§ **Exercise**
Starting at the line that contains "If you’re using", return every line through the end of the data exactly, without pictures.

*** Opening of Recorded data ***

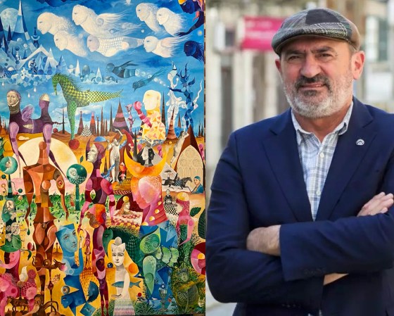 Por ELOÍSA OTERO.— «Las ciudades de Poniente». Así se titula el mural que el poeta y artista Juan Carlos Mestre ha realizado y donado a la Fundación Antonio Pereira, y que ya preside la pequeña sala de actos de la que fue vivienda del escritor villafranquino y de su esposa, Úrsula Rodríguez Hesles. En este mural de tres paños, Mestre ha plasmado el maravilloso mundo y los sueños del mago de los cuentos que nunca soñó en blanco y negro…
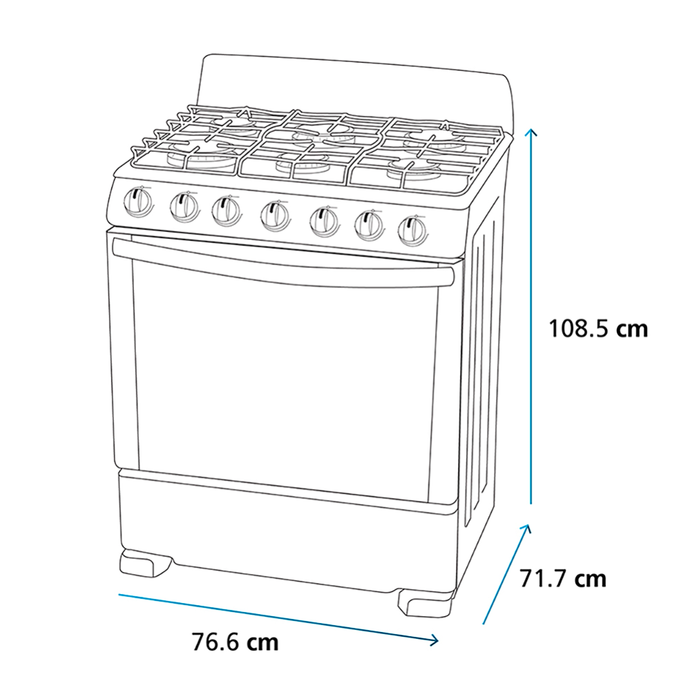 - Cuenta con una cubierta de 76 cm con 6 quemadores estándar, perfecta para cocinar varios platillos al mismo tiempo con un desempeño uniforme y eficiente en cada uso.
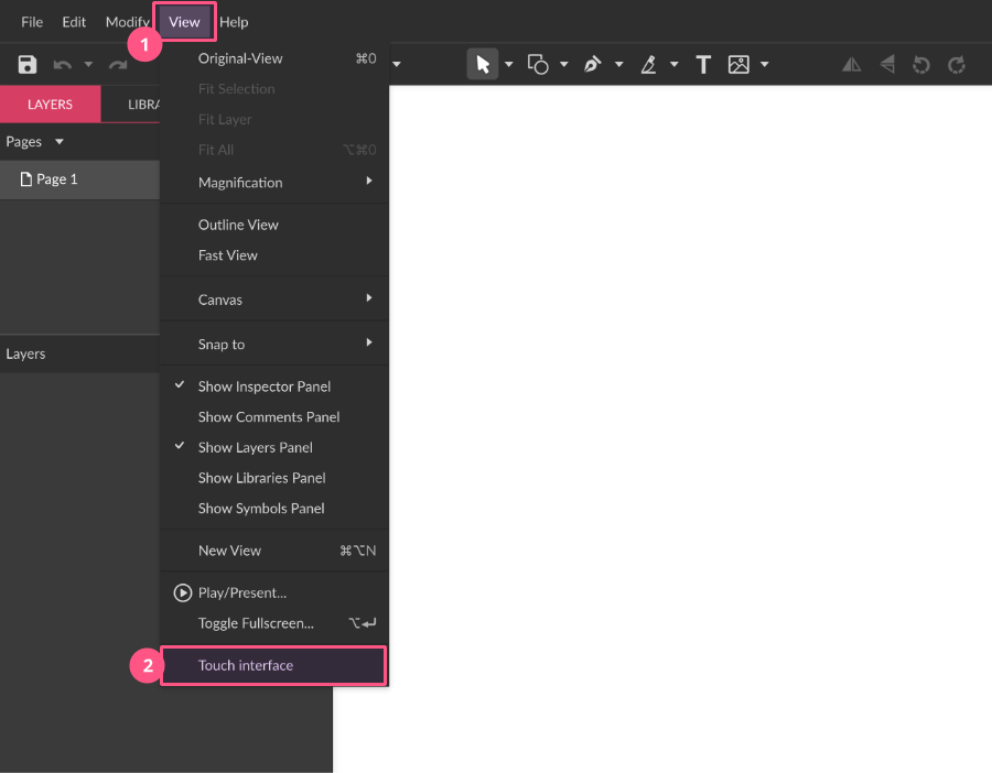 If you’re using a laptop with a touchscreen and want to change to Gravit Designer’s Touch UI, simply go to menu View(1) > Touch Interface(2).
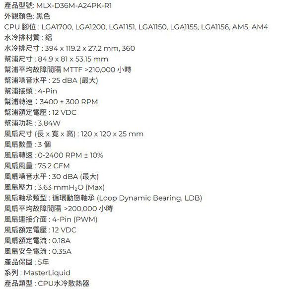 CoolerMaster MasterLiquid 360 Atmos Stealth 黑 CPU水冷散熱器 (MLX-D36MA24PK-R1)

*** Close of Recorded data ***

§ **Worked solution**
 If you’re using a laptop with a touchscreen and want to change to Gravit Designer’s Touch UI, simply go to menu View(1) > Touch Interface(2).
 CoolerMaster MasterLiquid 360 Atmos Stealth 黑 CPU水冷散熱器 (MLX-D36MA24PK-R1)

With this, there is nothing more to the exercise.